Before my first experiments with char-rnn, I posted a shared document on Twitter with some ideas asking for contributions.
My first experiments were very similar to Andrej’s. I just found any text I could longer than one million characters (one megabyte) and tried cleaning it up to make sure certain characters could uniquely trigger different states in the RNN, like having a tab separate words from their definitions when feeding in dictionary entries:
yelp-conserving adj. fool relatively at the open.glamorous adj. 1 of conquering a lady. 2 clever or belt in a loss of management. n. swate of luck. [french from latin lego fall]veton n. 1 rope (not lowest) to heal! after its tonacht. 2 person bell up yellow dusibly test.glandular adj. of or showing hindus. n. (attrib.) energy, protest. [from *geneal]viceroy n. 1 a specialist pocket. b condition of reference and state of my formal prices, esp. in warfare. 2 colloq. a jockey and word.
char-rnn captures some basic structure, like a part of speech following a word, and numbers coming sequentially. Sometimes it provides a correct inflection, or vaguely topical definition. My favorite definitions are the result of feeding in “seed” text that primes the network before it starts generating, effectively defining whatever word you provide. Now there’s even a Twitter bot that will define words like this for you.
After trying the dictionary, it was clear that the most entertaining results came from the moments where the algorithm appeared to have agency or intention, or even direct suggestions for the reader. So the next experiments were with old books of manners, and lists of “useful phrases”:
family of her morning would not be her people propise the pabace of one come of the . theater or her partner, but every things, their way possible that day and hostess . agreeable at the invitation to her own inflience and even goy, which may . arrive done by a pault flatteres in the costume who round it would be rooms .

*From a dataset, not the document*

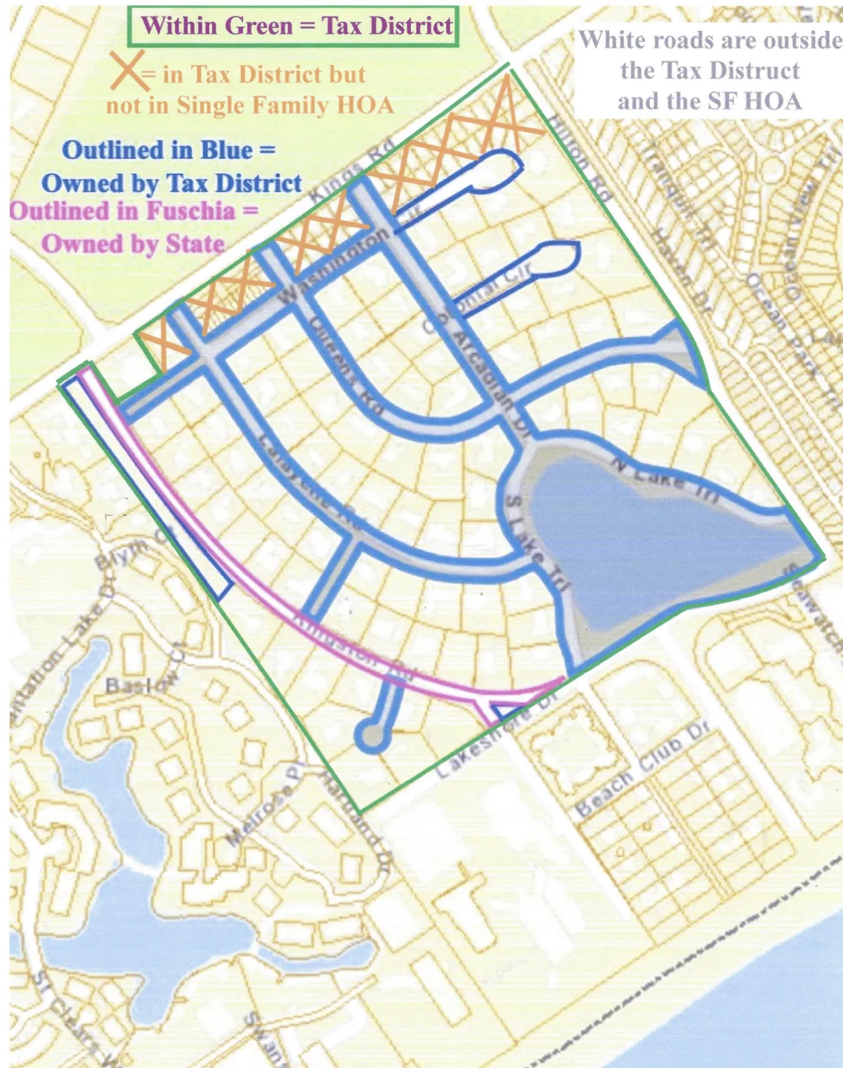 The map below shows the borders of the Arcadian Shores Special Tax District.

(The books of manners didn’t have quite enough content to teach the network how to spell correctly.)
meaningless joy. endeavoring to his ond envy. phantom and ripple. obmension and delight. perminent love. repulsive and definite. prowess and conceit. energy and enforcing. an incomparable general compromises. almost innocent theme. dreaming the subject you have the air. natural and thereforeed. fortunate, some thing hold of laughter. a mark of impertinent night.
The “useful phrases” were mostly simple mashups that could have been computed much more simply, but something about the typos and incomplete or imaginary words gives the output an almost Sapphic vibe. To more explicitly produce poetry I created a huge list of 12k phrases and traversed it by chaining together words appearing in consecutive sentences, ending with:
love in its honesty of enough.
a love of secpent obscure.
the love was like a soul of a shower.
surpassing with love and ered and apprehensive strange.

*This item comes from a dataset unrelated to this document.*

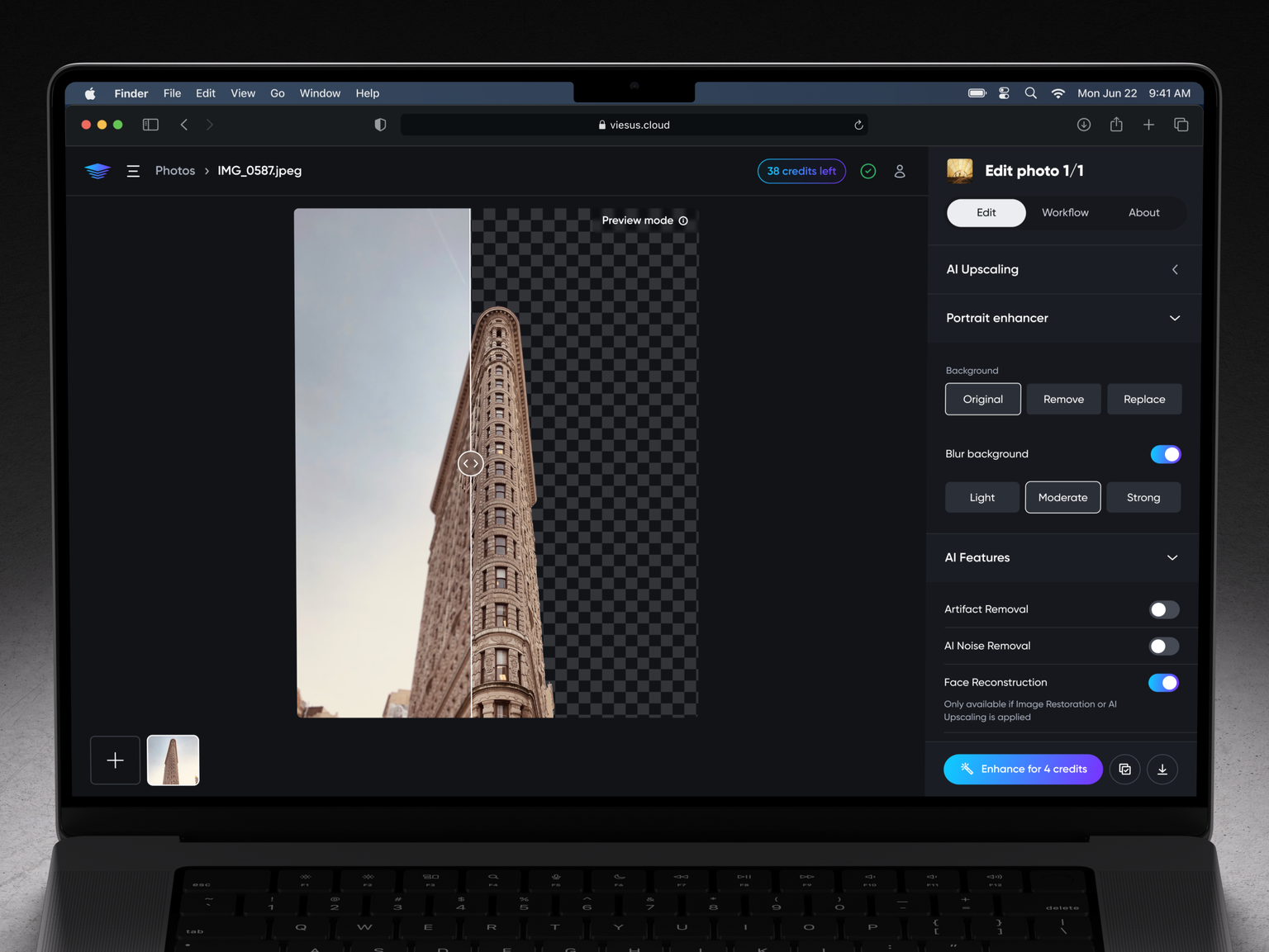 Viesus is about unattended automatic image enhancement. The features of the Viesus algorithm are made available in an easy-to-use interface and through an API. Viesus Cloud uses subscriptions and a credit system to charge users based on the type of enhancement.

the subject of a resourceful love is which i think it here.
a lovely characteristic facts.
flippant love.
flippant with every memory of the acknowledgment.
the moon and memory of her bright as the grave.
the moon of the stars of the soul.
This is starting to feel like it’s getting somewhere. Hoping that a more personal source material would reveal new properties of the algorithm, I fed it a few years of chat logs with Lauren McCarthy:
lauren: so
lauren: did u sieve anymore?
kyle: yeah we only hear it out sense that you were kind of because it could be last year
kyle: so he was quickly saying that might be realtime
lauren: mm i gues it would ever want to trash support of general
kyle: :)
kyle: his once weird mids
lauren: ya
lauren: https://github.com/122725785_iram
kyle: https://twitter.com/nyus/Recisageles/5ubPmer
The lines are the right length, the smiley feels well placed, I write “yeah” and Lauren “ya”. The urls aren’t real, but they look exactly like the kind of links we would send to each other. The output seems to occupy the liminal space between modes of awareness, between dreaming and waking attention. It has the look and feel of the thing without having the content or meaning.
To compare with another kind of dialogue, I tried the Cornell Movie Dialogue Corpus which 220k exchanges.
the numbers are two kilodes!
thank heaven!
i’m going to kill me.
yeah nickels are gonna go inside. the captain restored you!
different. she was not alright — you’re such great artistic suicide — she’s getting a great knowledge coming and playing ginning from chilor numbers and angel three teachers for crank deeds, he was afraid not to stand up on your heart.
break.
pig bill?
affirmative, mrs. lampert.
sorry, mr. ceusing is very bored and from deceitful work and iena — and we are trying to help you. you’ve seen me side.
is it no better, i’ll spread your twins and pull the roof. somewhere else — come to my lawyer. on your life! who said that?!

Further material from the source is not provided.